To test this, I switched to my 2019 iMac, which has a similar issue, and has a RAM disk app configured. The iMac has 128 GB of RAM, and IIRC I allocated 64 GB to the RAM disk--far more than is needed to hold the entire picture folder.

I copied the picture folder over to the RAM disk, and opened it from there. There was no signifcant difference in speed. I believe that should confirm that SSD access speed isn't the issue.

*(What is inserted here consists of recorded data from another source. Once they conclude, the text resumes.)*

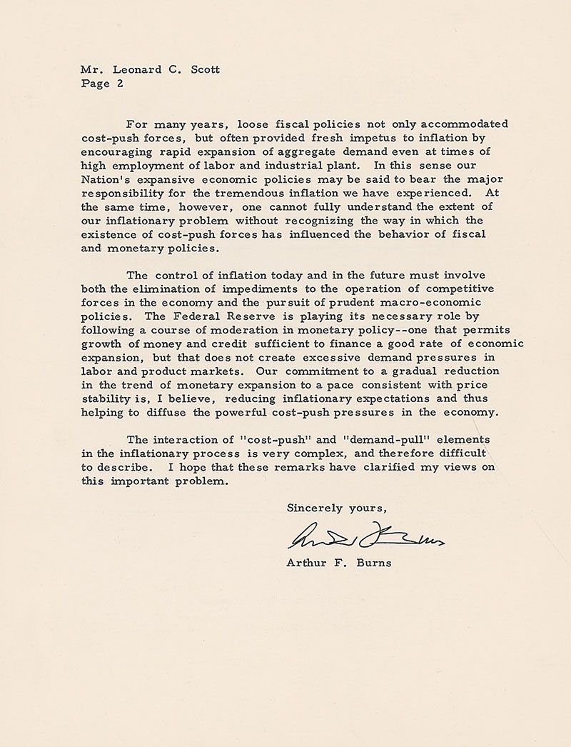 Economist (1904–1987) who served as chairman of the Federal Reserve from 1970 to 1978. TLS, two pages, 8 x 10.5, Federal Reserve letterhead, July 28, 1977. Detailed letter to an economics enthusiast. In part: “‘Cost-push’ forces are an important element in the inflationary process. Monopolistic power exercised by various parties in labor and product markets creates an inflationary bias in the Nation’s cost structure…For many years, loose fiscal policies not only accommodated cost-push forces, but often provided fresh impetus to inflation by encouraging rapid expansion of aggregate demand even at times of high employment of labor…The control of inflation today and in the future must involve both the elimination of impediments to the operation of competitive forces in the economy and the pursuit of prudent macro-economic policies.” In fine condition.
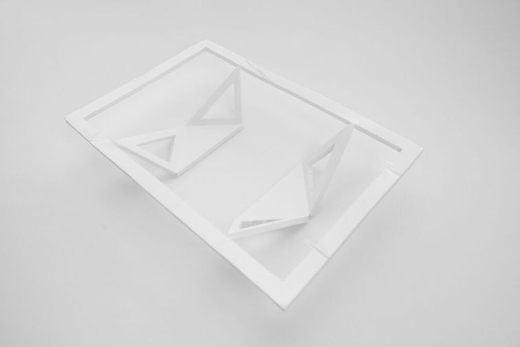 “Serene” is a conceptual table imagined for south-facing living spaces. Its triangular stands are placed to cast slow-moving shadows across the floor as daylight shifts, turning time itself into a quiet design feature. The intended materials - warm white oak and inlaid glass - create a soft but grounded presence.
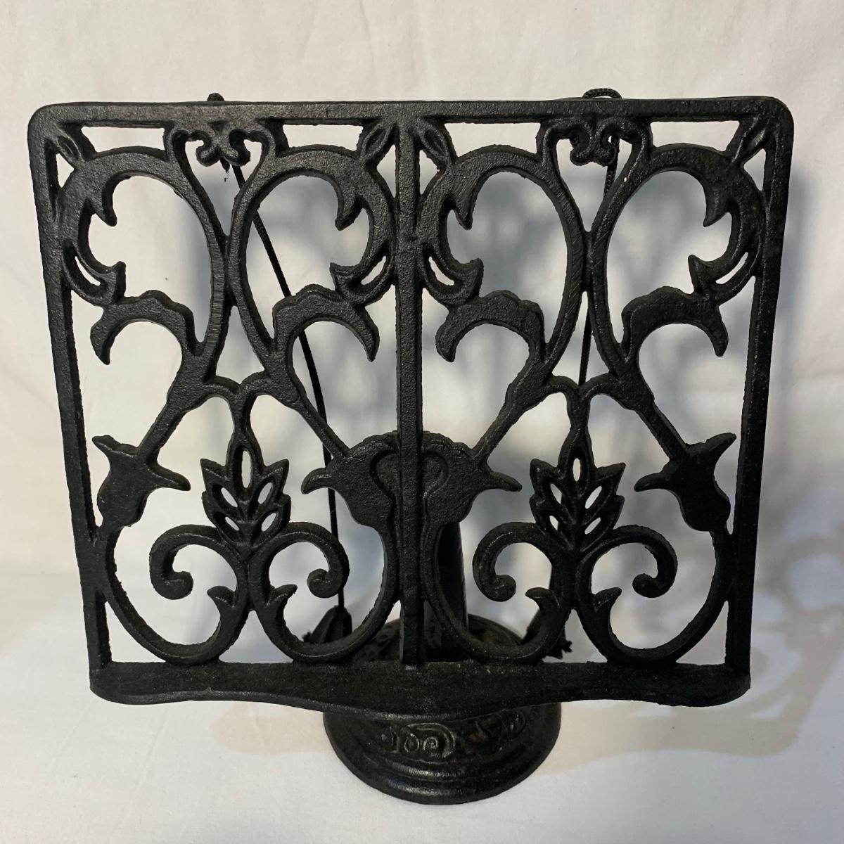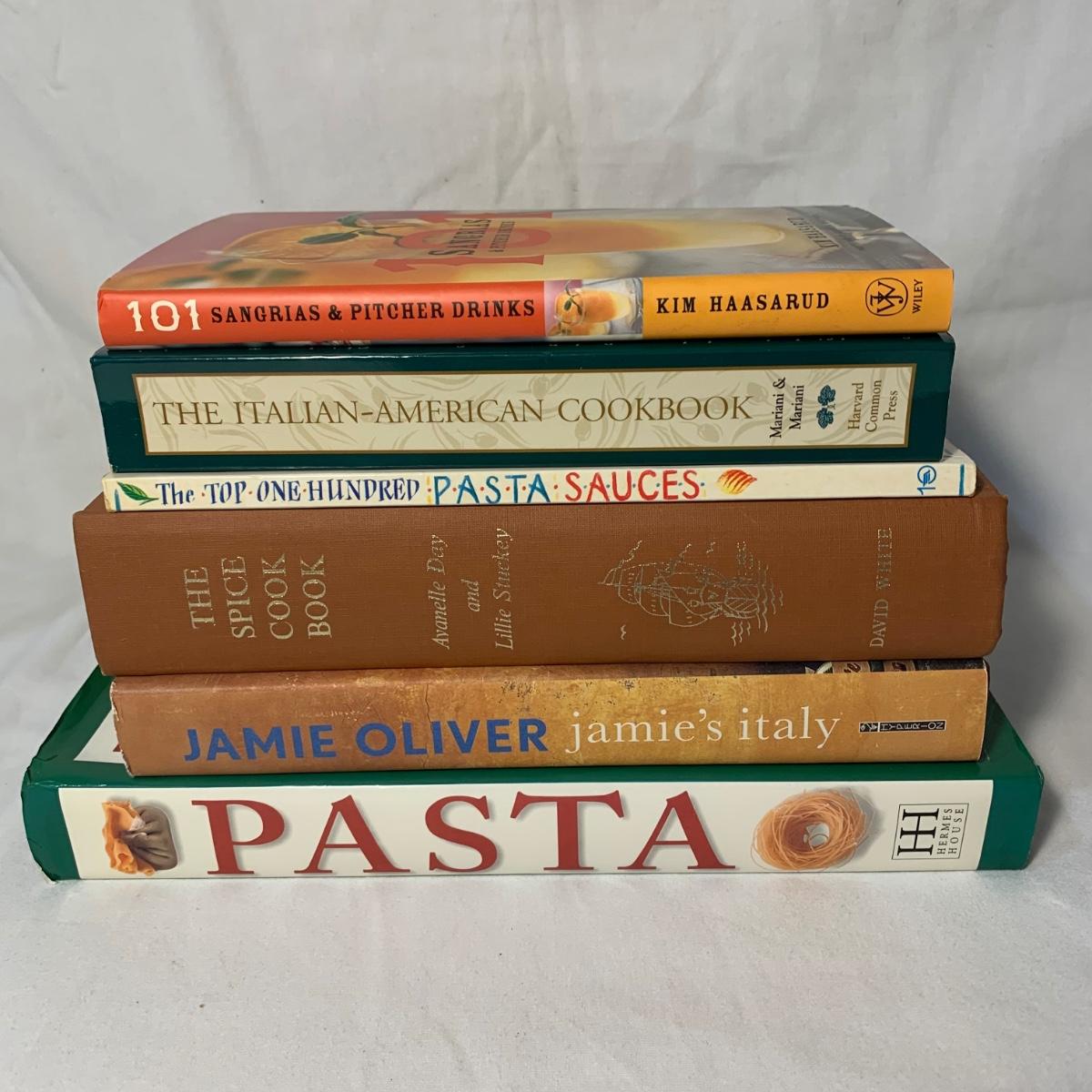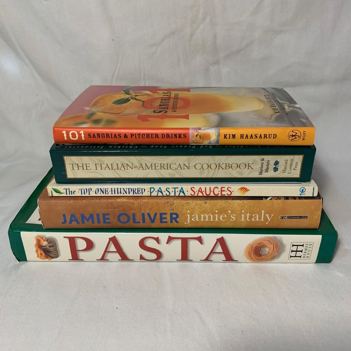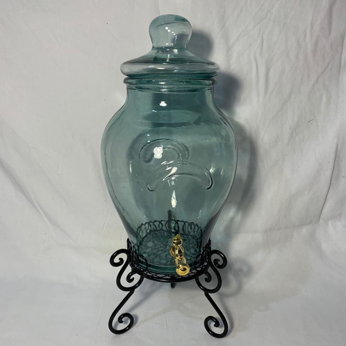 Lot includes glass beverage dispenser, five cookbooks and two iron-like cookbook stands. Glass beverage dispenser has a lid and metal stand. All items are used, please see photos for more details.
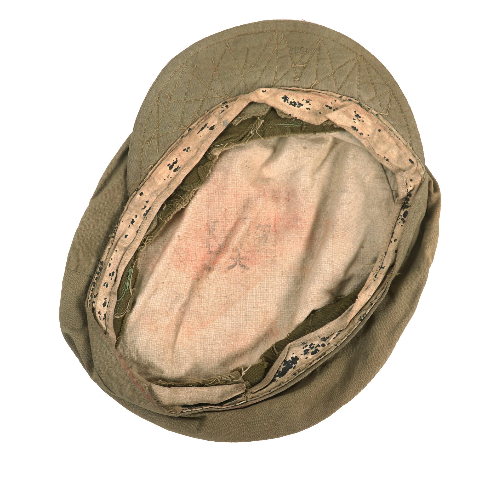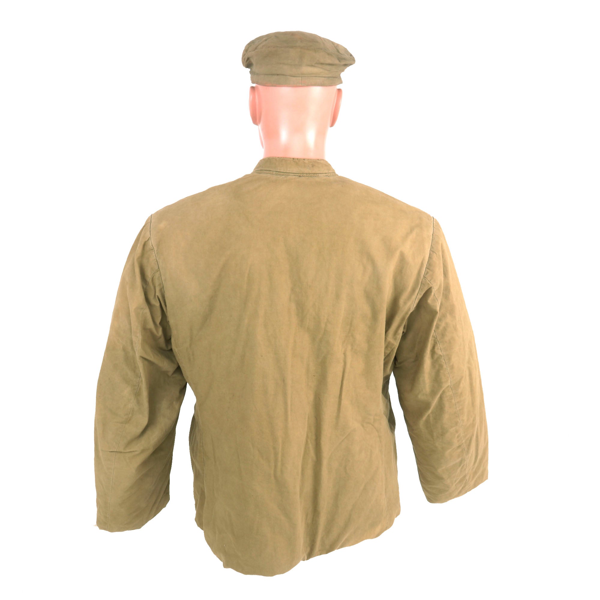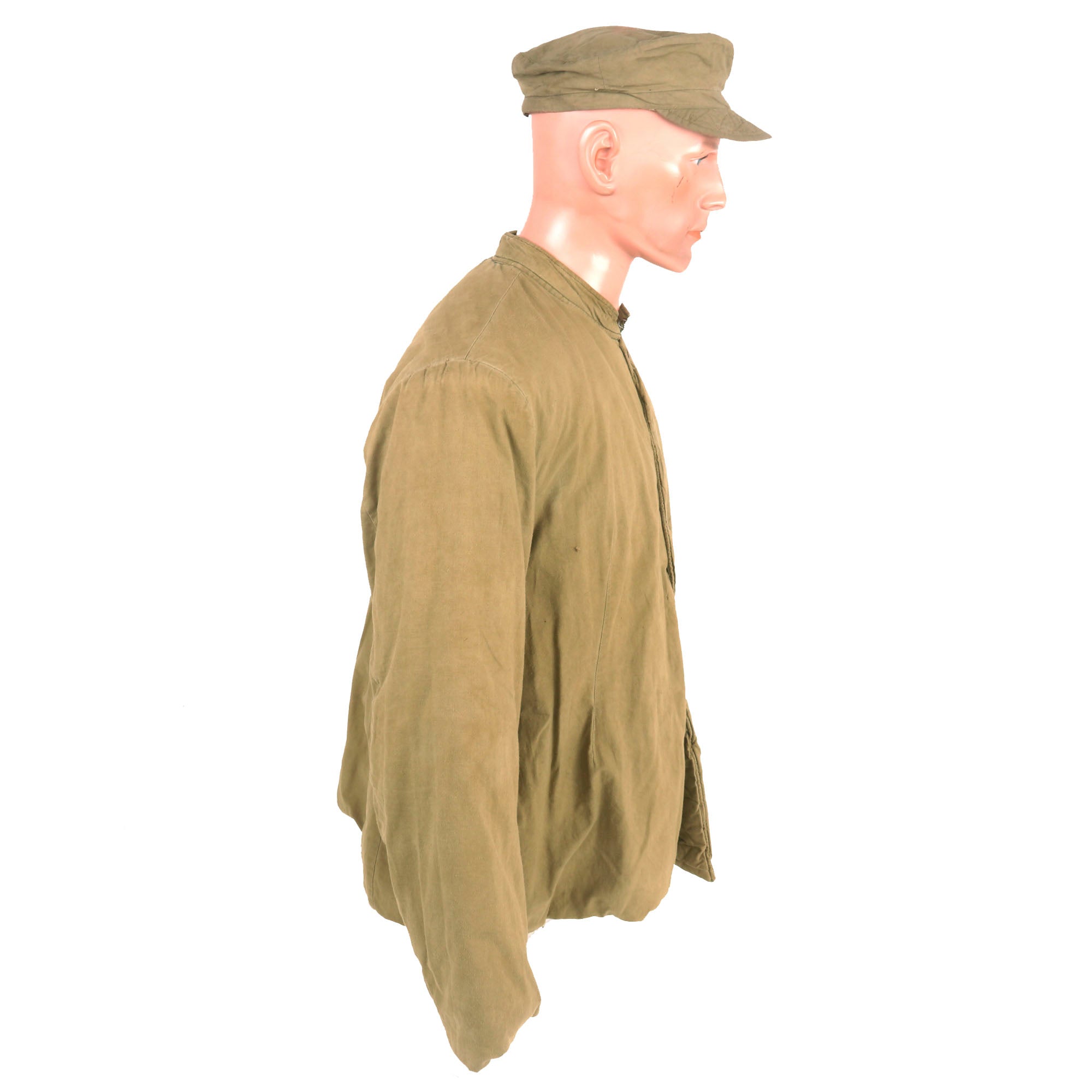 This is a fantastic example of a Chinese-manufactured padded jacket & summer field cap used by Chinese and Korean troops during the Korean War. The jacket has five large buttons on the front which are well-retained. There are no markings on the jacket we can find. This jacket is a great research project as there is likely a name written here.
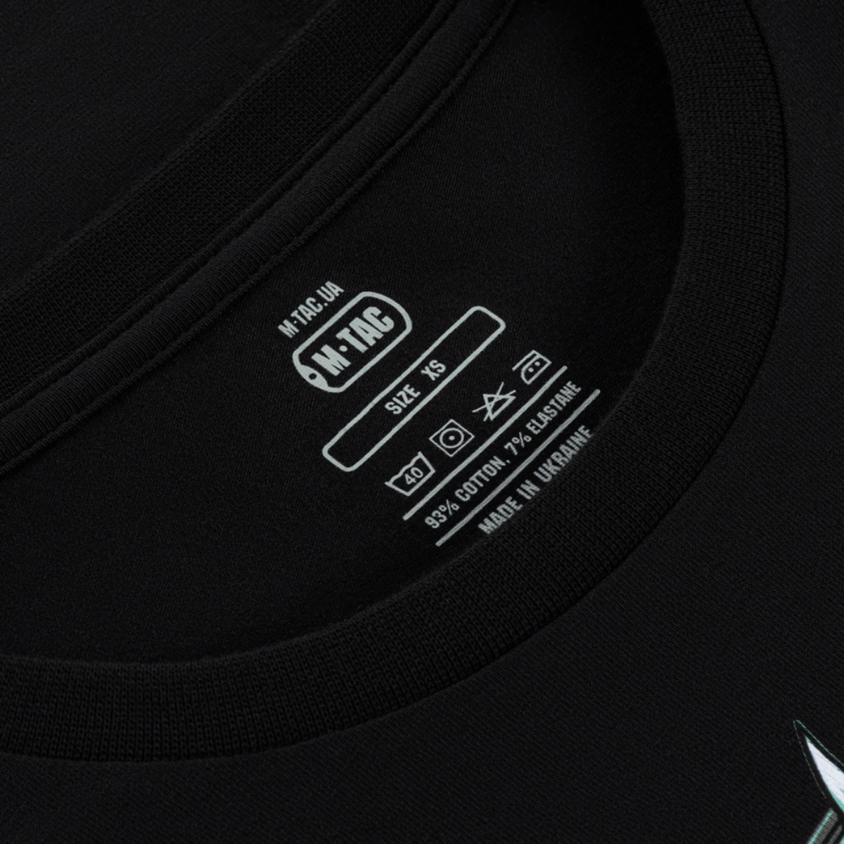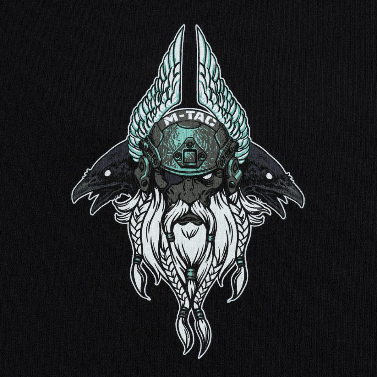 M-Tac T-Shirt Odin Mystery Long Sleeve fortsætter serien med den øverste gud i skandinavisk mytologi. Printet viser Odin med AR-15, iført moderne kampudstyr og NVD-hjelm, klar til den endelige kamp. På hans skuldre sidder ravnene Hugin og Munin, og teksten "Valhalla Calling" refererer til vikingernes legendariske kampråb.

- Downsampling — while generating thumbnails is a straightforward operation...
Just to clarify, I'm measuring the time it takes to open the main pic (to the right of the sidebar), rather than the thumbnails in the sidebar.
 
I generated a bunch of HEICs and opened them all up in Preview, then attached instruments to it while i held the down arrow to scroll through the entire list. (I'm guessing this is where you're seeing the lag?). Now, I did do this on my M4 Pro, and it was able to do more than 1 image/s, probably more than 4 even.

With the Instruments run, I see that each image seems like it takes 80ms or so, about 12.5 images per second. Most of that time is spent, in order of time spent:
  • Scaling the image, done by either the GPU or the video decoder, not completely sure. (VideoToolbox has its own ability to scale video.) Also, transforming the image's channels so that it can be displayed, also accelerated.
  • Memory copying
  • Updating views
  • Decoding the image, done by the chip's video decoding engine (HEIC is just a single frame of an HEVC/H.265 video)
So, probably a combination of memory bandwidth, GPU speed, and CPU speed.

They are quite a bit larger when decompressed, RGBA (32-bits per pixel) * pixel height * pixel width = total size per image, copied multiple times.

Edit: additional thought, the M4 may have more advanced scaling and decoding hardware, I know the M4 is the first to have newer vector instructions, which may be useful for scaling. Of course Apple does not really talk about this much.
On the M1 Pro MBP, I compared a folder of HEIC+MOV files (taken on an iPhone; as you likely know, even when taking a picture, iPhone sometimes creates MOV files instead of stills; the feature is called "Live", and I haven't yet bothered to figure out how to turn it off) with a folder of JPEGs (taken on a compact digital camera).

When opening the HEIC/MOV folder, VTDecoder ran at about 150% CPU, and Preview at about 70%. The pics in the JPEG folder displayed twice as fast, likely because they didn't need VTDecoder to convert them to stills. And, without the VTDecoder bottleneck, Preview was able to operate at about 160%.


And this illustrates the effect of image scaling: On my iMac, I compared display rates of the JPEGs when opening at full screen on the iMac's 5k display vs. at full screen on an WUXGA external monitor (1200 x 1980 = 28% of the pixels that are on the 5k). They displayed ≈50% faster on the WUXGA, with Preview averaging ≈270%, vs. ≈170% on the 5k. So there's something other than Preview's CPU time that is limiting the display speed on that computer.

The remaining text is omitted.